The program features a screening of the 2010 documentary film The Reconstruction of Asa Carter which will take place from 6:30 p.m. to 7:30 p.m., followed by an hour-long discussion, question-and-answer session with the film’s director Marco Ricci, producer Douglas Newman and executive producer Dr. Laura Browder, who is the Tyler and Alice Haynes Professor of American Studies at the University of Richmond.

The Reconstruction of Asa Carter dramatizes the story of a white supremacist who wrote speeches for Alabama Governor George Wallace, including Wallace’s 1963 inaugural address, which included the infamous line “Segregation now, segregation tomorrow, and segregation forever”.

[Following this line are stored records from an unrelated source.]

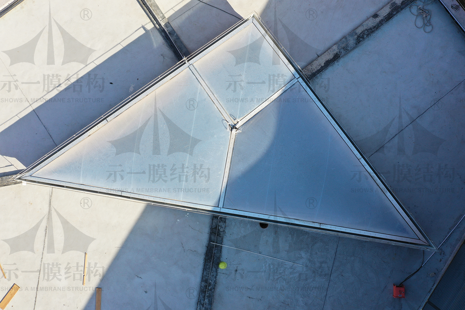 膜結(jié)構(gòu)的安裝次序,總體是先安裝面積大的區(qū)域,再根據(jù)現(xiàn)場及鋼結(jié)構(gòu)作業(yè)面的交付情 況安裝相應(yīng)相鄰區(qū);采用從中間往兩邊,從高到低的順序來安裝,按區(qū)域進行安裝、同時至少保證 3 組人員開工,主要采用吊車的方式,把 ETFE 膜材料加工完成的成品箱吊裝至網(wǎng)架結(jié)構(gòu)上表面、通過二次轉(zhuǎn)運,按中間向兩邊的順序一組的安裝,安裝的同時布置管線,每個 分片區(qū)域全部安裝完成后,進行調(diào)試充氣,循環(huán)進行,直到膜結(jié)構(gòu)工程完成。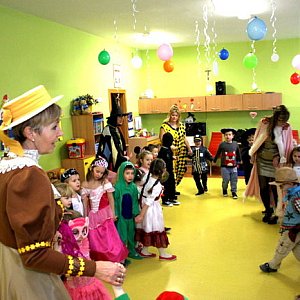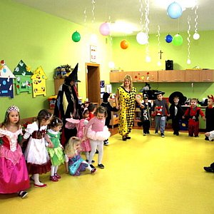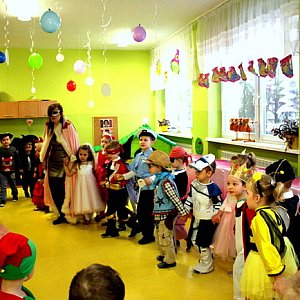 Dzieci z grup Misie i Pszczółki przybyły na balik w różnych przebraniach. W stylowych strojach wystąpiły Irena Knuła, dyrektor przedszkola i nauczycielki Małgorzata Zaręba i Halina Lisiak, które przygotowały wiele ciekawych i wesołych konkursów. Dzieci rywalizowały m.in. w wyścigu na dmuchanych osiołkach, zbieraniu kolorowych kulek i wyścigu taczek. Przerywnikiem pomiędzy konkursami były pląsy i tańce, w rytm nie tylko dziecięcych przebojów.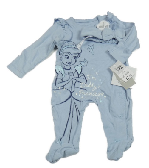 Nové - 2Set - Světlemodrý overal s Popelkou a volánky + čelenka s mašlí George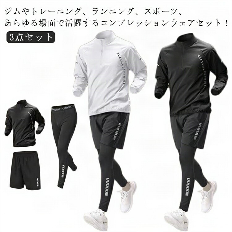 トレーニングウェア コンプレッションウェア スポーツウェア ジムウェア ランニングウェア 長袖 スポーツ 冬 ジャージ 半袖 3点セット 上下セット オールシーズン 吸水速乾 セットアップ 接触冷感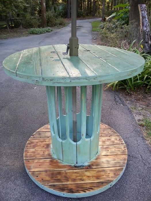 Винтажная конструкция катушки-стола подойдет для оформления дизайна любого открытого пространства около дома.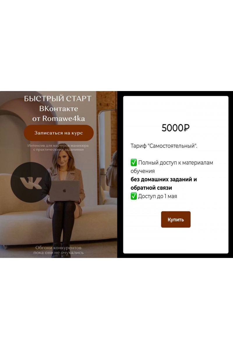 Для тех кому требуется помощь разобраться во Вконтакте, я решила создать не курс, а практикум по этой социальной сети. Т е уроки+домашние задания, всего 8 штук.1 урокСоздание страницы. Выбор удачной категории для мастера, название, описание, тематика, настройки.+ Домашнее заданиеВизуал. Продающее оформление страницы, аватар, обложка, разделы, адрес.+Домашнее задание3 урокКонтент-план. Алгоритмы публикаций Вконтакте. Тексты и темы постов.+ Домашнее заданиеФото контентФотографии для ленты, создание альбомов раскрывающие ценность услуг, оформление прайса Зачем вообще это надо?+ Домашнее заданиеВидео контент. Съёмка видео, монтаж, публикация, клипы.+ Домашнее заданиеИстории. Как записывать истории, сколько в день, что снимать, что публиковать, как привлечь внимание и повысить запись клиентов? Функционал инструмента+ Домашнее заданиеПродвижение. Воронка продаж, упаковка страницы, платные и бесплатные методы продвижения. + Домашнее заданиеПрямые эфиры. Как подготовиться к эфиру, чтобы не «облажаться»? Цель эфира, поэтапный сценарий, идеальный результат. Актуально для всех, кто планирует преподавать или уже преподаёт курсы. +Домашнее задание
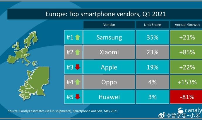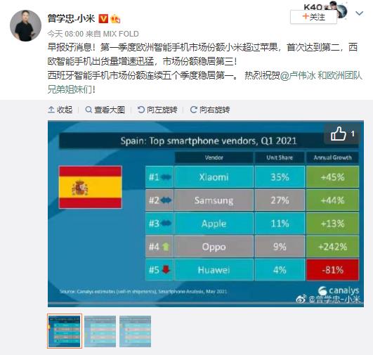 5月6日早上,小米集团副总裁、手机部总裁曾学忠发布微博表示,第一季度欧洲智能手机市场份额小米超过苹果,首次达到第二;西欧智能手机出货量增速迅猛,市场份额稳居第三;西班牙智能手机市场份额连续五个季度稳居第一。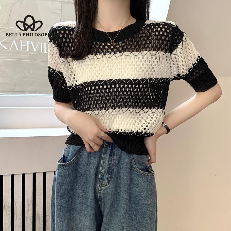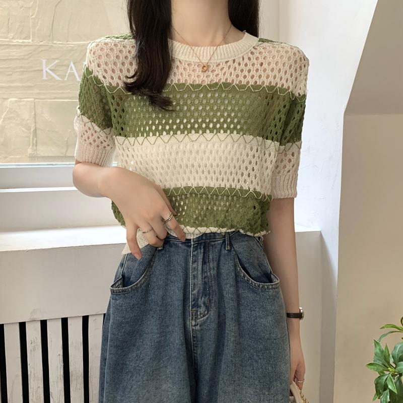 Ретро полосатая вязаная блузка с короткими рукавами и короткими рукавами, женский свитер с круглым вырезом, женская модная одежда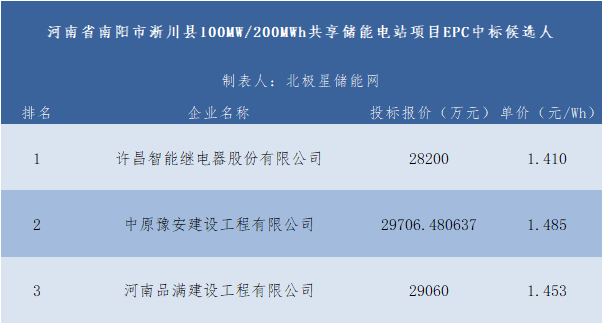 1.41元/Wh!河南南阳100MW/200MWh共享储能电站项目EPC中标候选人公示

Thirteen years later, Carter used the pseudonym ‘Forrest Carter’ when he published a bestselling nonfiction memoir, The Education of Little Tree (1976). The book offers a tender remembrance of the emotional and spiritual journey of a young boy (presumably the author) who is raised by his beloved Cherokee grandparents. It won the 1991 American Booksellers Association Book of the Year award and was made into a feature film in 1997.

In 1991, an article in the New York Times drew attention to the fact that the memoir was a complete hoax and its author was none other than the late Asa Carter, who died in 1979.

This unique event is being supported by a wide range of organizations within ECU and the Ada community including ECU’s Native American Studies Program, the University Honors Program, the Political Science and Legal Studies Department and the Ada Multiculturalism Committee. It is funded by ECU’s Hayes Native American Center with support from the Oklahoma Humanities Council, the National Endowment for the Humanities, and the ECU Foundation.

Both the screening and question-and-answer session are free and open to the public.